> [Exercise brief] Look in the data below for the line that has "Intestinal Fortitude GLR-6", then print exactly every line from there through the line that has "着いてすぐ、水際で翻るシーバ", leaving pictures out.

> [The records]

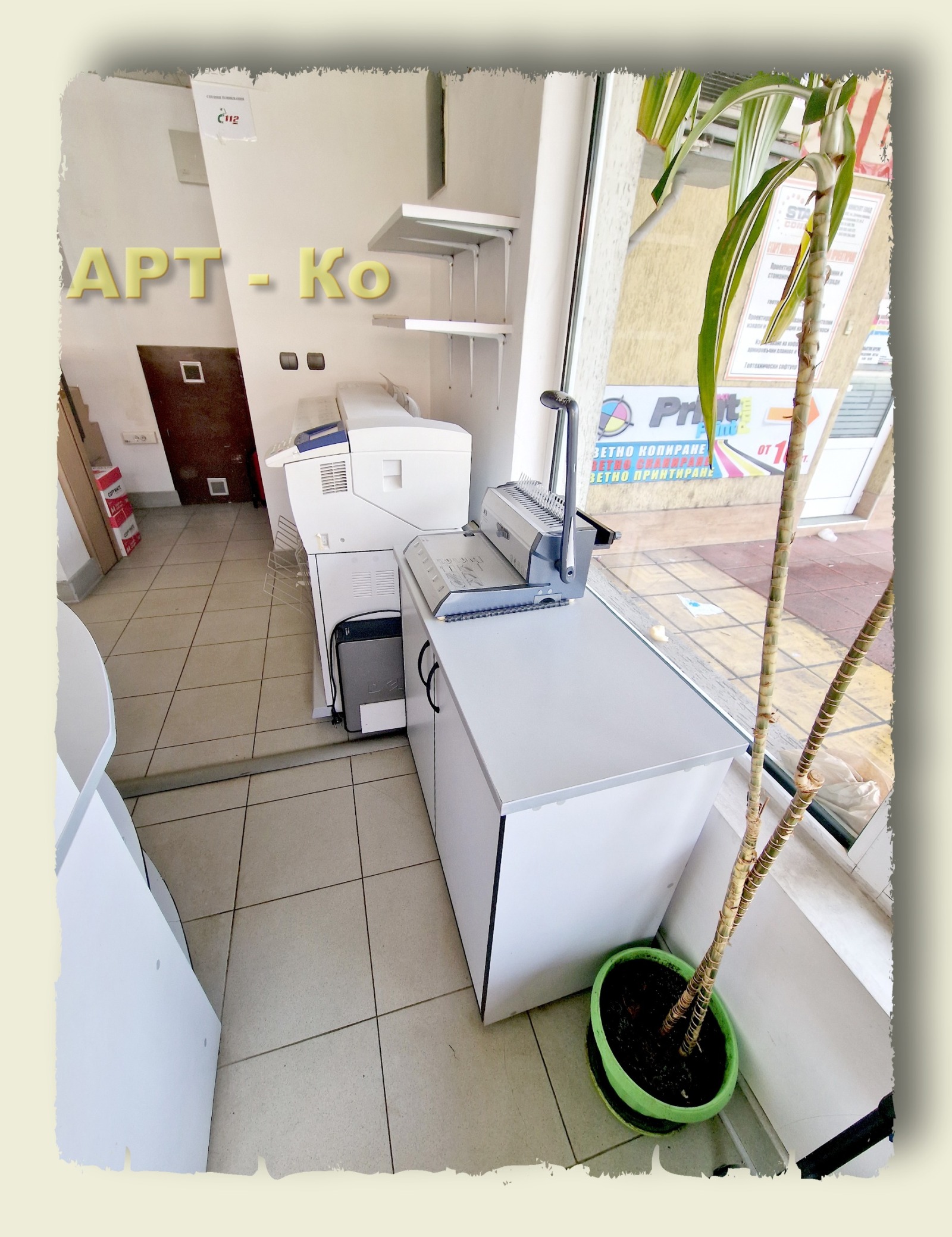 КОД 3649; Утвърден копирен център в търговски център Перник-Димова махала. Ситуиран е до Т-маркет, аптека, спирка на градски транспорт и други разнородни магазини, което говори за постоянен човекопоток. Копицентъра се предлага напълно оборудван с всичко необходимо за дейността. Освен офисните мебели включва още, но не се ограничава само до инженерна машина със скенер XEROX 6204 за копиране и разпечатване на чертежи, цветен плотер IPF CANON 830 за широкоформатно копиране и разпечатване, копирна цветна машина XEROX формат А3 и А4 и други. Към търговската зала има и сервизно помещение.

...

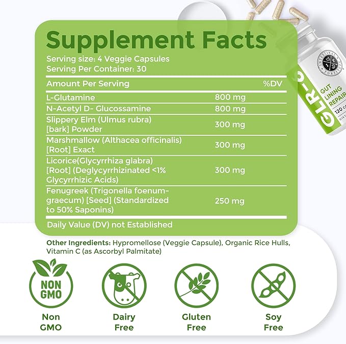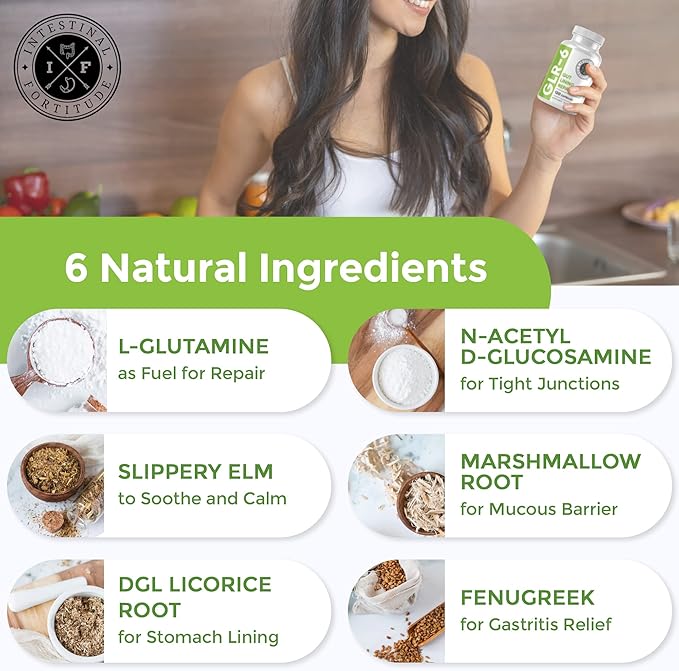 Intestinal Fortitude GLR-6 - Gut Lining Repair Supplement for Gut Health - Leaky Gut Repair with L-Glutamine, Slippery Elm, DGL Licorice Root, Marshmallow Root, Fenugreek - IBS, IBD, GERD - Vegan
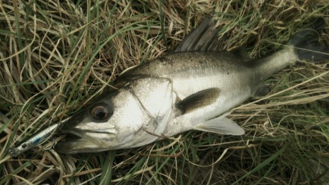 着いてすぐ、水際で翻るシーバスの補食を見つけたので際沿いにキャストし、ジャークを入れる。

> [Answer space]
 Intestinal Fortitude GLR-6 - Gut Lining Repair Supplement for Gut Health - Leaky Gut Repair with L-Glutamine, Slippery Elm, DGL Licorice Root, Marshmallow Root, Fenugreek - IBS, IBD, GERD - Vegan
 着いてすぐ、水際で翻るシーバスの補食を見つけたので際沿いにキャストし、ジャークを入れる。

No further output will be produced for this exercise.